Jephthah’s father had been a rich and powerful lord with a grand house in the district of Gilead. But Jephthah never knew his mother. He saw her only once from a distance as the great man’s entourage passed through the poorer streets of Gilead one fresh morning. Jephthah’s father pointed out the gaunt woman with greasy hair and a gaudily painted face who stood lazily at a crossroads, calling out now and then to passersby. Jephthah was too far away to make out her
features or the words that she spoke. But his father’s voice was clear enough: “That pitiful wretch is your mother,” said Jephthah’s father. “So count yourself lucky that you ended up in my house and not hers.”

Now Jephthah the Gileadite was a mighty man of valour, and he was the son of a harlot; and Gilead begot Jephthah
.


JUDGES 11.1
   

 

But Seila knew that her father did not count himself lucky at all. His father had a wife, a plump and proper woman from a highborn family, who had given him an assortment of sleek young sons. As Jephthah grew older, his father was content to let his stepmother take charge of him along with the rest of the children—and she saw no good reason to keep Jephthah around the house when the very sight of him disgusted her.

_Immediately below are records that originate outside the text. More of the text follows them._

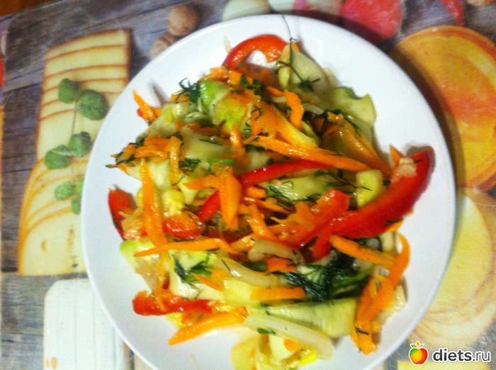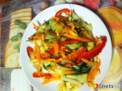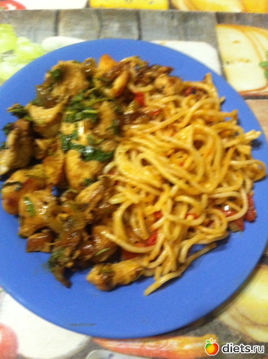 Макароны с тушеными помидорами и грудка жаренная, может на фото порции кажутся большими, но на самом деле не так. И кабачки по-корейски. Вообще-то делала их, чтобы закатать, но походу мы их и так слопаем.
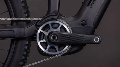 Der Rahmen des Stereo Hybrid ONE77 HPC ist wahrlich eine Klasse für sich, denn hier treffen 170 mm Federweg an der Front und am Heck auf ein Mullet-Set-up mit einem 29 Zoll Vorderrad und 27.5 Zoll Hinterrad. Damit werden Big-Mountain-Trail-Träume wahr! Wie immer bei CUBE maximal detailverliebt konstruiert auch der Rest: Integrated Cable Routing sorgt für einen supercleanen Look. Dazu kommt ein Steuersatz zur Winkelverstellung, mit dem sich das Handling an individuelle Vorlieben und Anforderungen anpassen lässt. Außerdem haben wir den 800 Wh starken PowerTube Akku gleich über dem Bosch CX Motor sauber und formschön ins Carbon-Unterrohr integriert. Für einfachere Ersatzteilverfügbarkeit gibt's ein UDH am Aluminium-Hinterbau – und weil wir auch eine Direct Mount Kettenführung verbaut haben, geht's mit diesem Fully selbst bei schwierigen Bedingungen weiter, weiter und immer weiter.
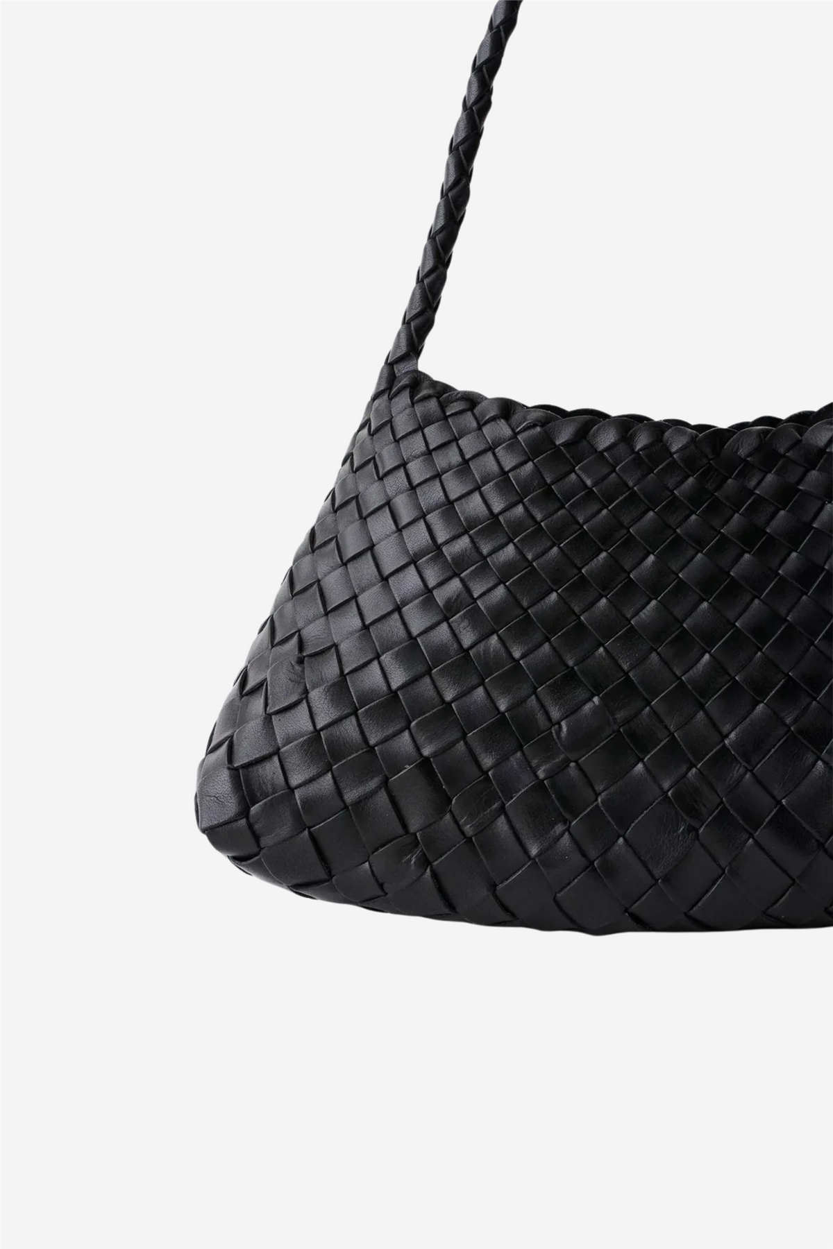 Rosanna Black fra Dragon Diffusion er en håndlaget skulderveske i svart vevd lær med en elegant, avrundet form som smalner mot toppen. Den minimalistiske designen gjør vesken til et tidløst valg – perfekt både til hverdags og reiser. Vesken er uten fôr og har åpen topp, noe som gir et naturlig og autentisk preg. Hvert eksemplar bærer en antikk St. Christopher-medaljong som merke på ekthet og kvalitet.
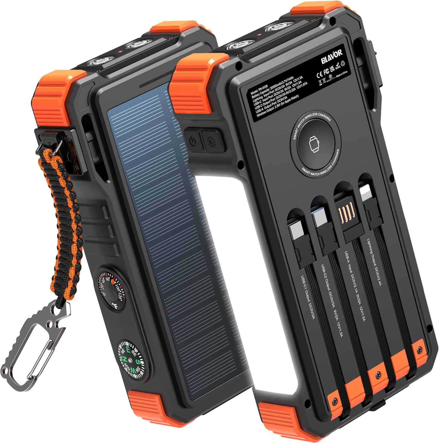 Durable And Adventure-Ready: Built to withstand anything nature throws at it, the BLAVOR solar charger power bank is a true warrior. Its flame retardant ABS+PC shell and waterproof silicone protection make it waterproof, shockproof, and dustproof, ensuring it can handle extreme conditions with ease. No matter where your adventures take you, this charger is up for the challenge
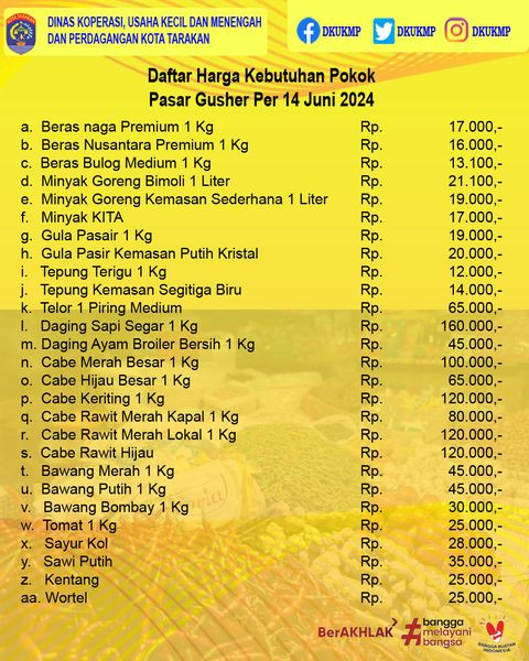 Daftar Harga Kebutuhan Pokok 14 Juni 2024 di Kota TarakanUpdate Daftar Harga Kebutuhan Pokok di Kota TarakanTanggal 14 Juni 2024#DKUKMP #Bapok #KotaTa...
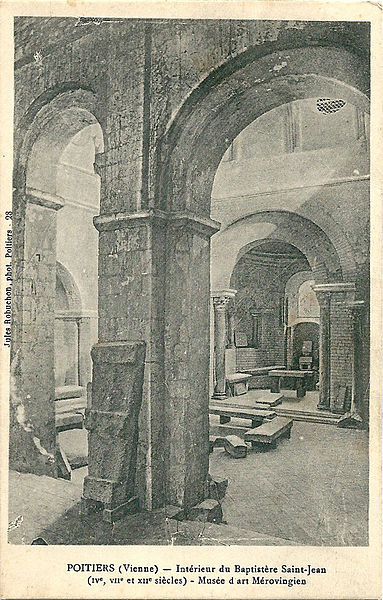 Le musée lapidaire installé dans le baptistère depuis 1838 réunit une centaine d’objets, principalement des sarcophages mérovingiens en pierre locale souvent décorés d’une croix à trois traverses propre à l’« école du Poitou », ainsi que des moulages, des éléments décoratifs et un autel en marbre blanc. Classé parmi les Monuments historiques, le baptistère Saint-Jean reste un lieu clé pour la compréhension de l’histoire religieuse, artistique et archéologique de Poitiers.
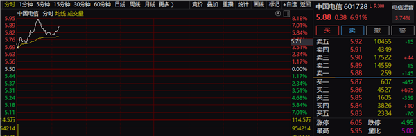 今天早盘,A股市场数字经济板块持续大爆发,中国电信等大盘股涨势很猛。
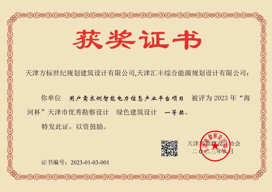 近日,由天津YABO鸭脖物联科技股份有限公司下属全资子公司:天津汇丰综合能源规划设计有限公司(以下简称“汇丰设计”)与天津方标世纪规划建筑设计有限公司联合申报的用户需求侧智能电力信息产业平台项目,荣获2023年“海河杯”天津市优秀勘察设计绿色建筑设计一等奖,在绿色建筑类别中,为唯一的一项一等奖(绿色建筑类别中,共4个获奖项目,其中一等奖1项,二等奖1项,三等奖2项)。
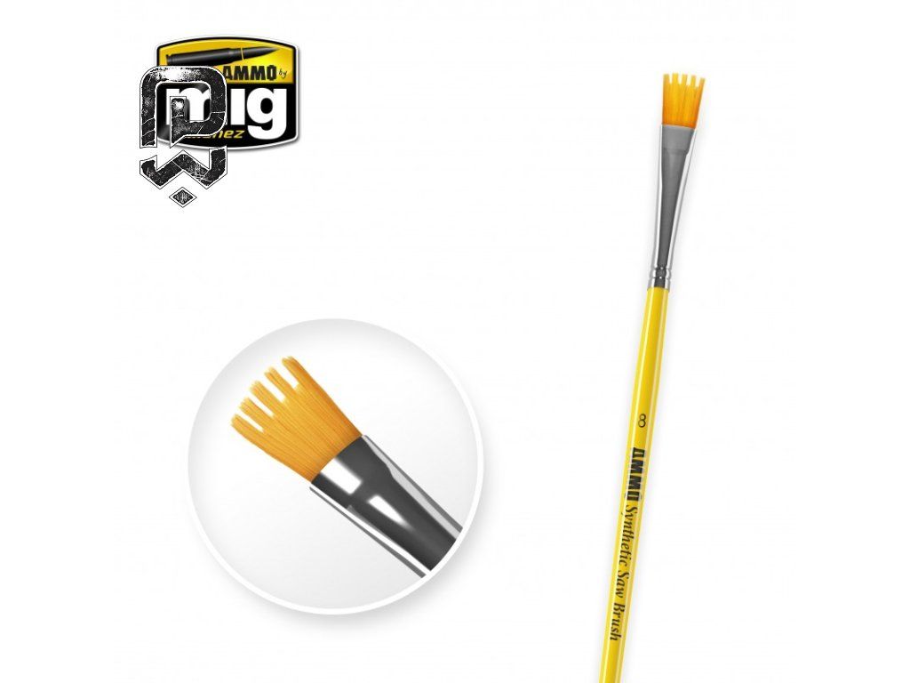 8 Synthetic Saw Brush Set AMMO by MIG is a synthetic hobby brushes designed for weathering, texture work, and controlled paint effects suitable for used for creating scratches, streaking grime, dry brushing, rust effects, and controlled weathering on scale models. stiff synthetic fibers shaped for aggressive texture work, consistent stroke control, no bristle splaying, stable paint delivery even under pressure. simulating chipped paint on armor edges, drawing rust streaks on vertical surfaces, applying directional wear on aircraft panels, creating dry-brush highlights on rough textures.
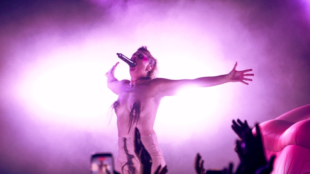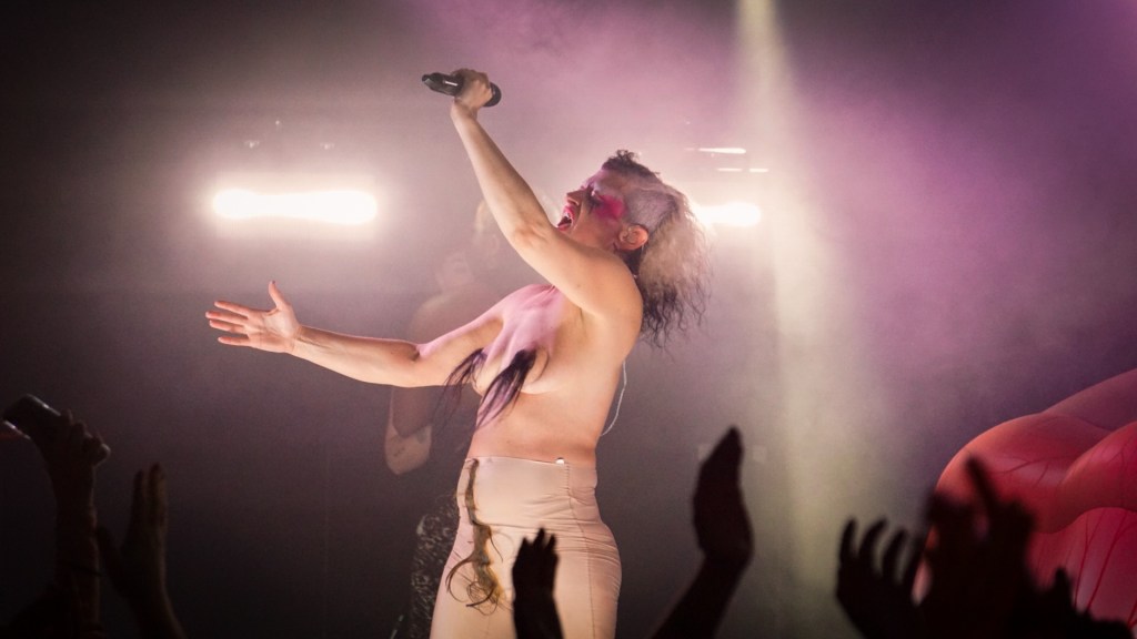 Support comes from Bimini, who sets the tone early with a performance that leans into the same anarchic glamour. Later, during the encore, Bimini returns for “Fuck the Pain Away,” turning an already feral crowd into something approaching ecstatic combustion. They stay onstage afterwards, dancing like a high priest of chaos, sealing the night with a sense that this is less gig, more shared uprising.
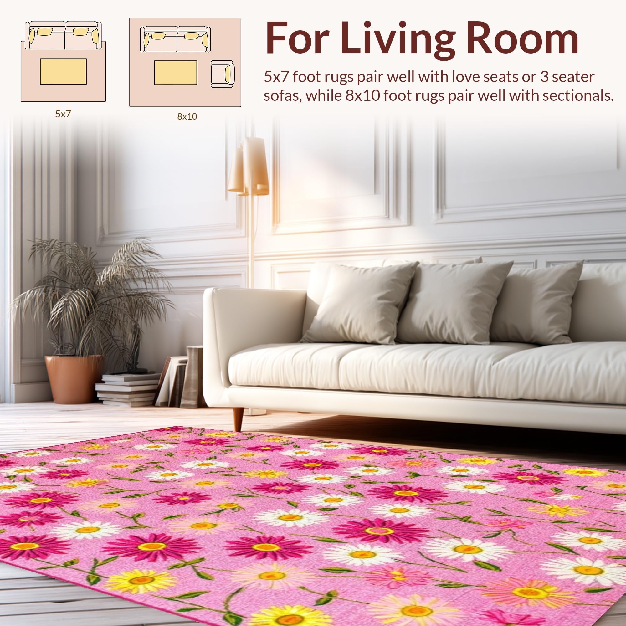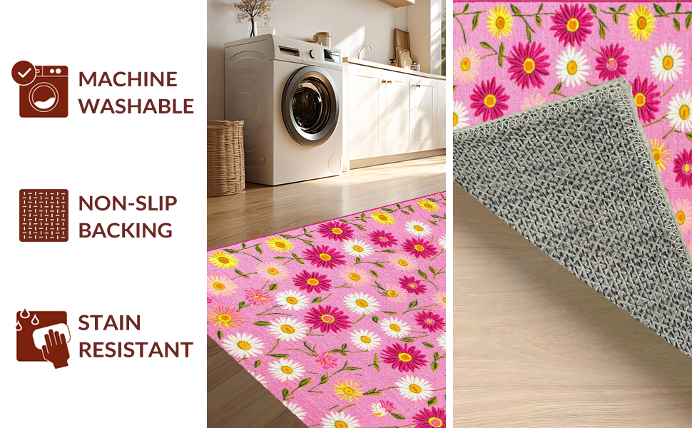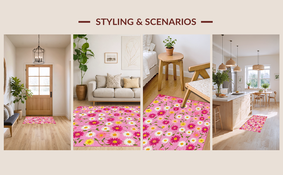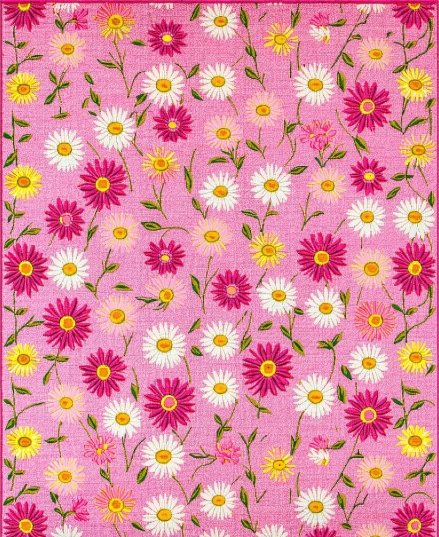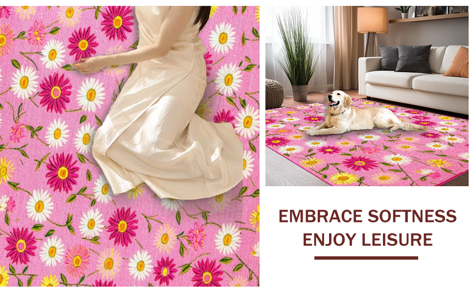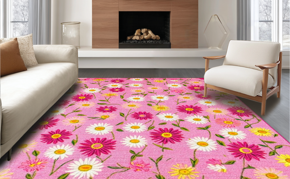 Ultra Soft Area Rug, Non Slip, Stain Resistant, Washable Area Rugs for Living Room, Bedroom, Cheerful Nature-Inspired Design(Pink) Overview:

She contrived to move him to a room in one of the out’ buildings where the stable hands and the house servants bedded down; she made sure that he was otherwise occupied when guests arrived for a banquet; she dressed him in plain clothes even as she ordered up richly embroidered garb for her own sons; she found tasks that took him away from the estate at mealtimes. If Jephthah’s father noticed how his wife had banished his firstborn son, he said nothing; if he cared one way or the other, he gave no sign of it.

By the time he was sixteen, Jephthah had learned to content himself with the companionship of the stable boys, who taught him skills that would turn out to be useful and even profitable for a young man who grew up poor in a rich man’s household. Once Jephthah learned to ride a horse, to fashion a weapon out of iron, to wield his weapon in a fight, he no longer cast yearnful glances at his father, no longer spoke sweetly to his stepmother in the vain hope that she would regard him as a son rather than a bastard. Then, one day, he rode into the courtyard of the great house and saw his half brothers sitting on low stools, their clothing rent and ashes on their head. Jephthah wondered for a moment who had died, and when he realized that it was his father, he was unmoved.

And Gilead’s wife bore him sons; and when his wife’s sons grew up, they drove out Jephthah, and said unto him: “Thou shalt not inherit our father’s house; for thou art the son of another woman.”


JUDGES 11.2
   

 

Still, Jephthah understood all too well what his father’s death would mean for him. When the thirty days of mourning had passed, Jephthah boldly presented himself at the door of the house and demanded his share of the rich estate his father had left behind. Jephthah was turned away like a whining beggar by his arrogant half brothers, who taunted Jephthah with the fact that
his
mother was not their father’s wife. “You will inherit nothing of our father’s estate,” one of them declared, “because you are the son of that
other
woman.”

Afire with anger and indignation, Jephthah took his complaint to the elders of Gilead, who finally agreed to consider the rival claims of the rich man’s sons. One day, Jephthah, his half brothers, and the gray-bearded elders of Gilead gathered in the house of the dead man, and Jephthah poured his bile into words of great passion. The elders stroked their beards and nodded their heads and even smiled now and then at Jephthah’s plea for justice—the
other
woman’s son had a surprising gift for the well-chosen and well-spoken word—and then, as if Jephthah had not spoken at all, the elders of Gilead pronounced judgment wholly in favor of his half brothers and briskly ordered him not to bother them again. Then they rose, bestowed one final patronizing smile on Jephthah, and rushed out of the house as if afraid that the eloquent young man might let his dagger speak for him.